JonDE said:
Personally I think the Euro needs to break up.
All arguments you make can be made for the US too. Does Michigan pay for California's spending (or debt level), and does the US need to break up over that?
There is no long term problem unless there isn't enough money being pumped to the deficit states from the surplus states. Until now, that probably happened with public debt, financial markets, the free commidity market, and other means.
Honestly, the system is pretty damned good since governments are, need to be, run like companies, and there's one central bank overseeing the banking system and currency.
There are only two questions: Are the debt levels of the individual economies too high to be sustainable in this system? (I would say no, except for Greece.) And second, is there enough money being pumped around between the states?
The first is debatable, if not, then Eurobonds. The second is probably okay at the moment, with the addendum that the surplus states probably will need to pay some for Greek pensions, which honestly, is a whatever. And a second addendum that part of the current mess is the result of sending too much money to the periphery, not too less.

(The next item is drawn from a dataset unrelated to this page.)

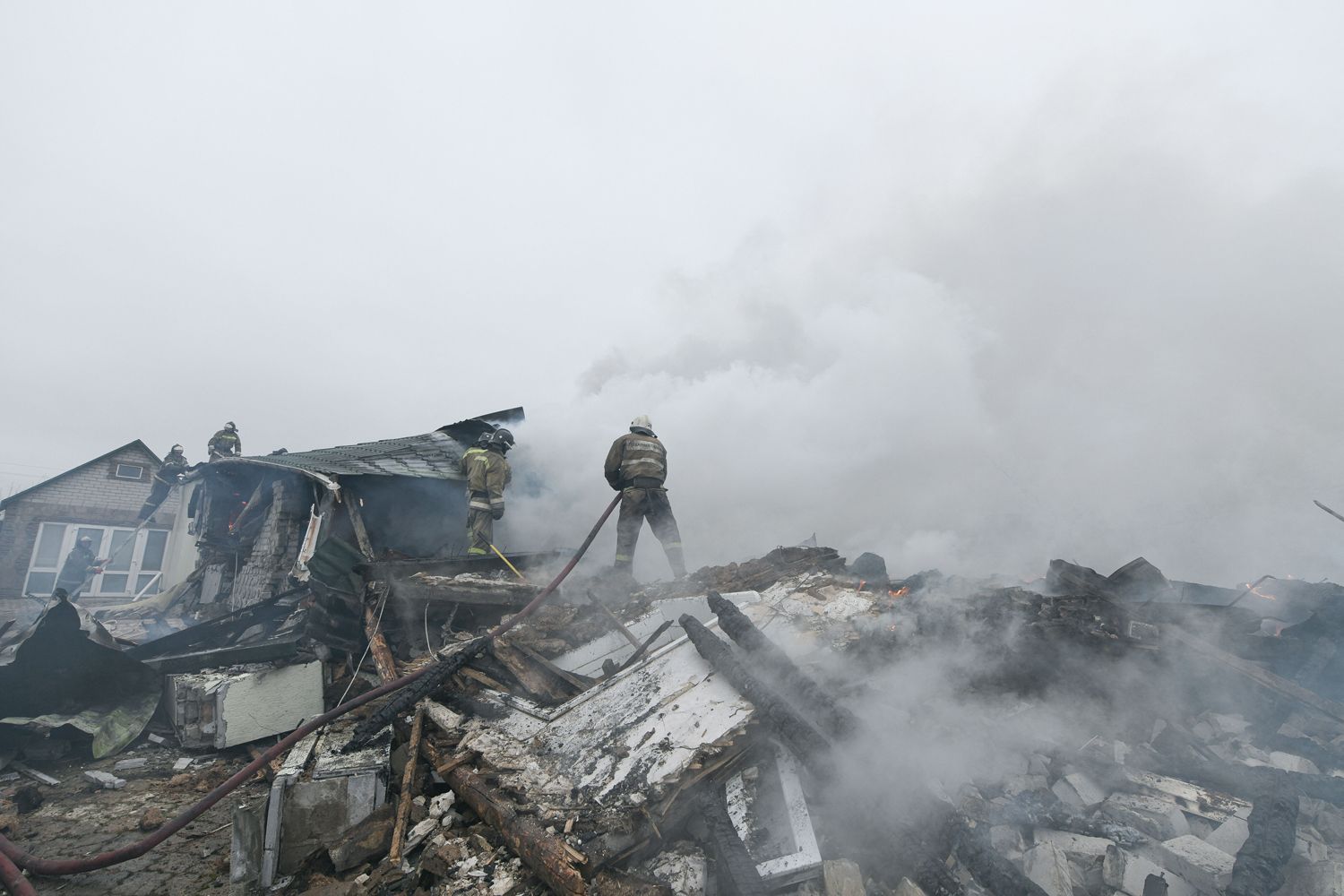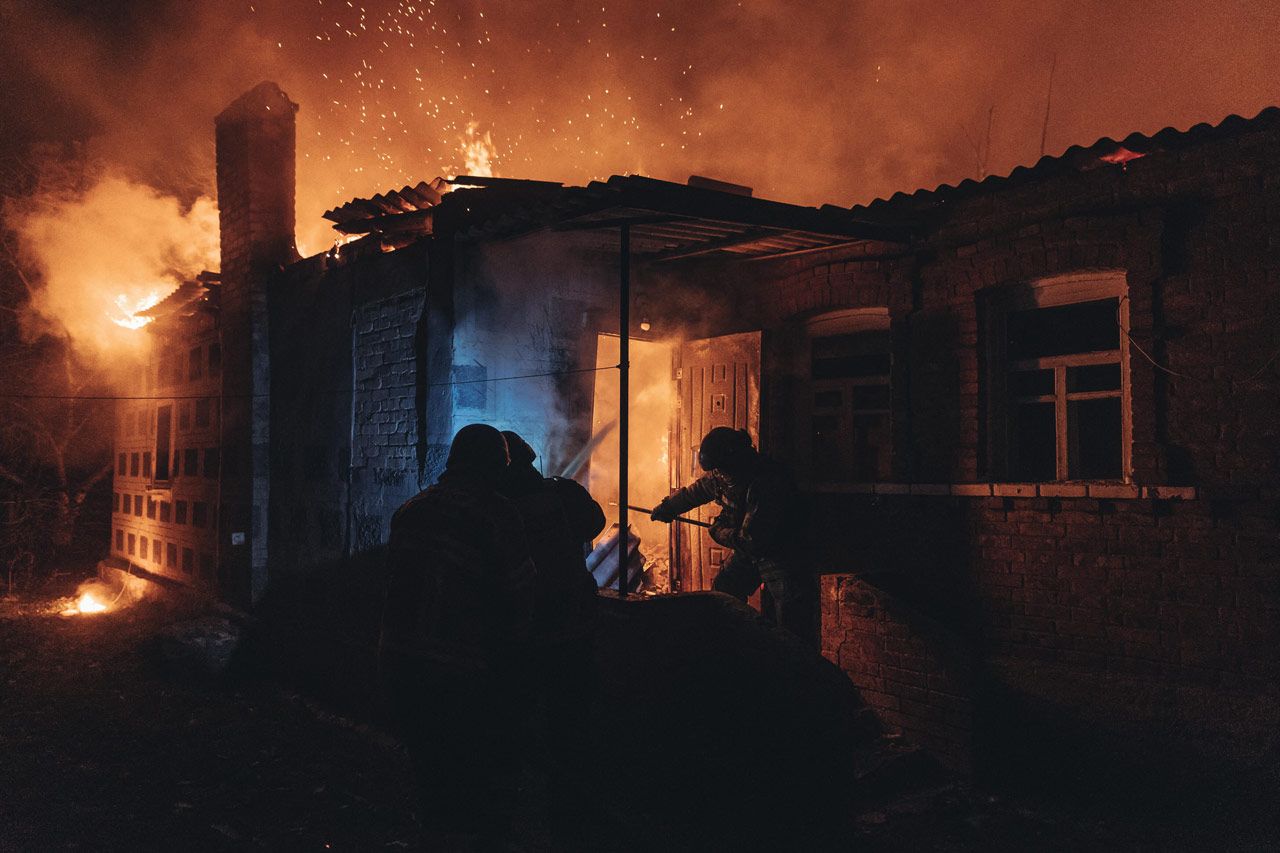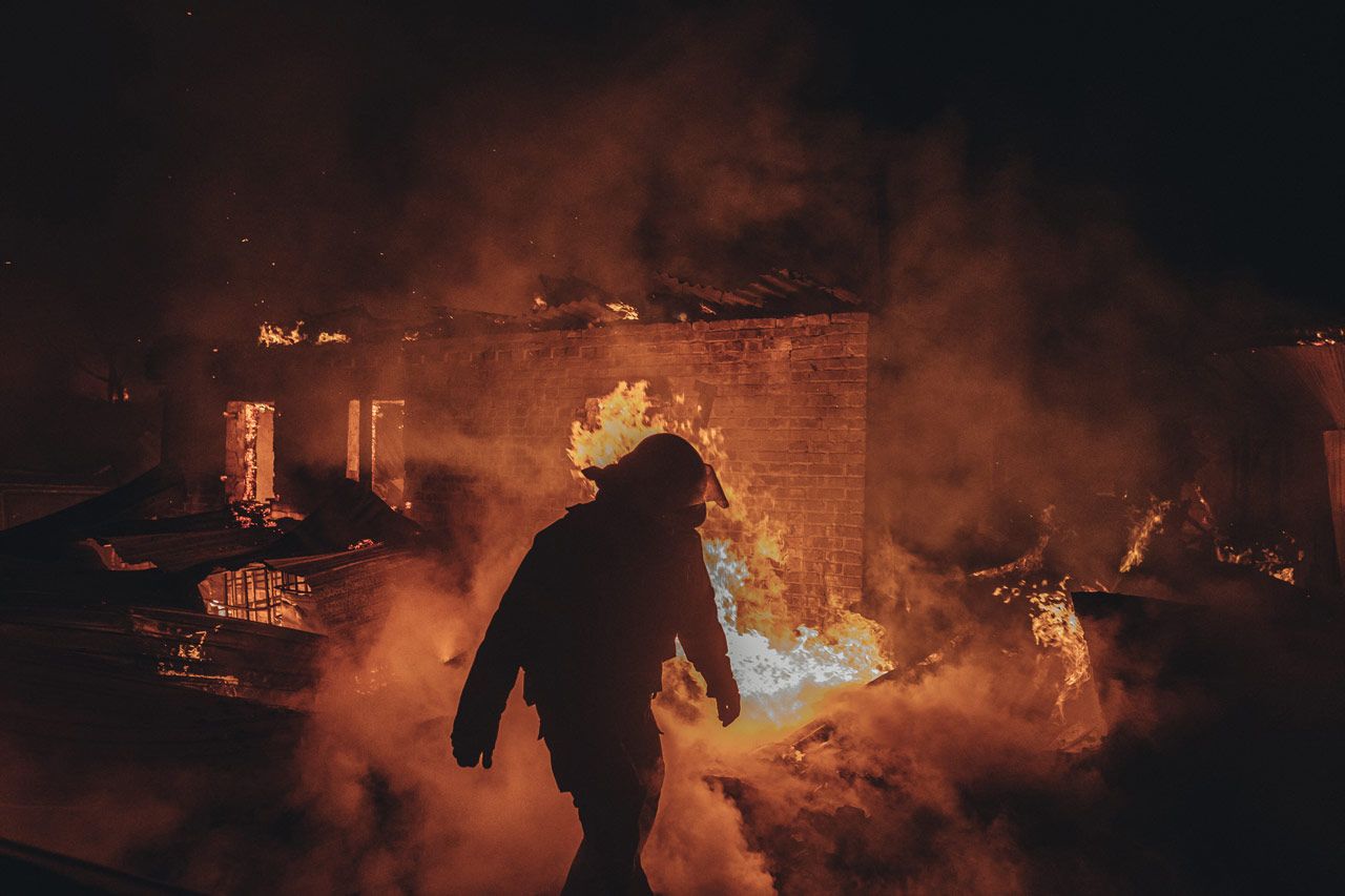 На фото: пожарные ликвидируют возгорание после обстрела города.

Everything else: The balance of trade, the external debt, the amount of money, the number of assets, look okay for the Eurozone. Most of the news, therefor, is short-term humbug. It can all be solved, and since it can be solved, it will be solved.
(There's also the point that devaluing in current day markets might not work as good anymore as it used to, since everything is hedged anyway.)
(I am not an economist, so this is pretty much my layman's view.)